The interim financial statements have been prepared in accordance with IAS 34 Interim Financial Reporting as issued by the International Accounting Standards Board ('IASB'). The accounting policies applied in the interim financial statements are consistent with those set out in the 2015 consolidated financial statements except for the adoption of new standards and interpretations effective from 1 January 2016 as referred to below.
The interim financial statements do not include all the information and disclosures required in the 2015 consolidated financial statements, and should be read in conjunction with the Group's 2015 Annual Report and Accounts.
In preparing the interim financial statements the Group has adopted the following standards, interpretations and amendments effective from 1 January 2016:
Annual Improvements to IFRS 2012 - 2014 cycle;
Disclosure initiative (amendments to IAS 1); and
Clarification of acceptable methods of depreciation and amortisation (amendments to IAS 16 and IAS 38).
These standards, interpretations or amendments that have been applied for the first time in 2016 do not impact the 2016 interim financial statements, and are not expected to have a significant impact on the 2016 consolidated financial statements. The Group has not early adopted any other standard, interpretation or amendment that has been issued but is not yet effective.
After making enquiries, the Directors consider it appropriate to adopt the going concern basis in preparing these interim financial statements.
2. ACCOUNTING POLICIES AND CRITICAL ACCOUNTING ESTIMATES AND ASSUMPTIONS
The accounting policies adopted in the preparation of the interim financial statements are consistent with those followed in the preparation of the 2015 consolidated financial statements.
As a result of the deconsolidation of the UK Commercial Property Trust Limited and the subsequent recognition of the Group's remaining interest in the structure as an associate during the period (see note 3.2.4), the Group accounting policy for associates is as noted below:
Investments in associates that are held for investment purposes are accounted for under IAS 39 Financial Instruments: Recognition and Measurement as permitted by IAS 28 Investments in Associates and Joint Ventures. These are measured at fair value through profit or loss. There are no investments in associates which are of a strategic nature.
The preparation of the interim financial statements requires management to make judgements, estimates and assumptions that affect the application of policies and reported amounts of assets and liabilities, income and expenses. Following the implementation of the Solvency II regulatory regime effective from 1 January 2016, the Group has made certain changes to the assumptions and estimates used in the valuation of insurance contracts. Further details of the changes are included in note 12.3.

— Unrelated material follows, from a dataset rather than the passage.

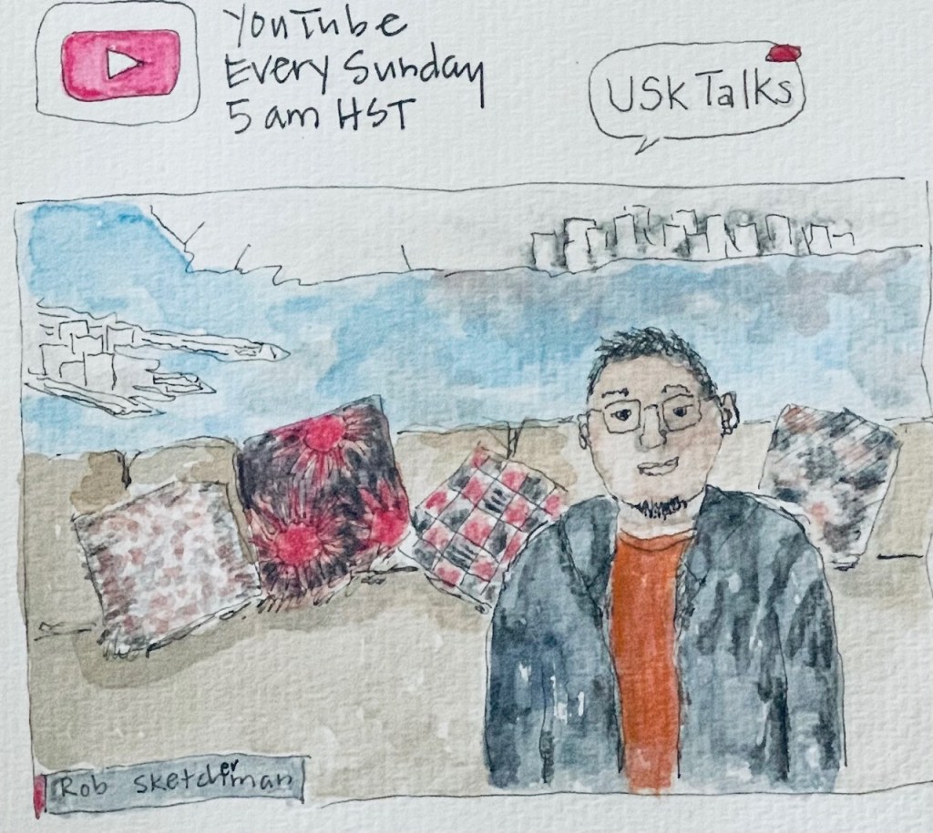 Last year, during the first lockdown, Urban Sketchers launched USkTalks on Instagram. It was a wonderful way to connect to other Urban Sketchers around the world. On January 3rd, they launched their second season. This time, it’s on YouTube. It’s a live broadcast at 5 a.m. HST every Sunday.
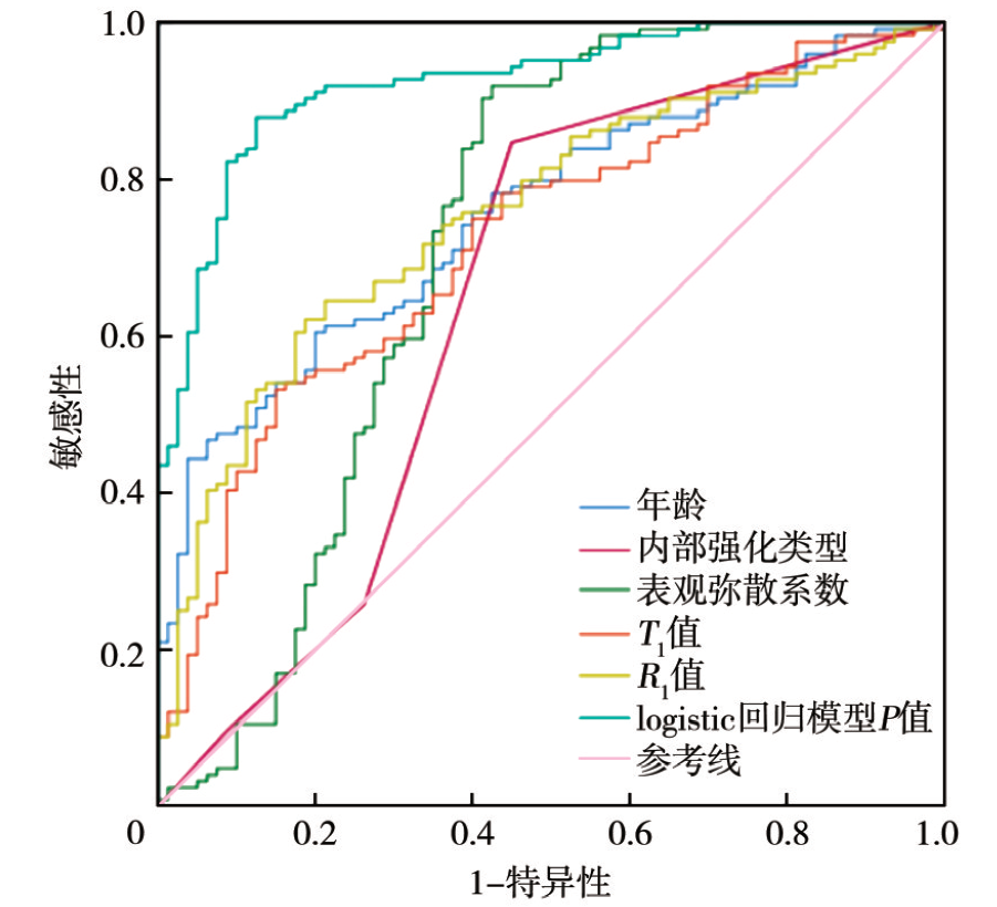 | 表观弥散系数 | -5.21 | 1.08 | 23.42 | 0.01 | 0.00~0.05 | <0.001 |

3. ACQUISITIONS, ASSETS AND LIABILITIES HELD FOR SALE AND DISPOSALS
3.1 ACQUISITIONS
On 27 May 2016, the Group announced that Pearl Life Holdings Limited, a subsidiary undertaking of the Group, had entered into conditional agreements with AXA UK plc to acquire AXA Wealth's pensions and protection businesses. Cash consideration of 375 million (net of adjustment for expected items as at completion) will be payable on completion and will be funded through a combination of the net proceeds of an equity placing (see note 9) and a new short-term debt facility (see note 13).
Completion is expected to occur in the fourth quarter of 2016, subject to regulatory approvals.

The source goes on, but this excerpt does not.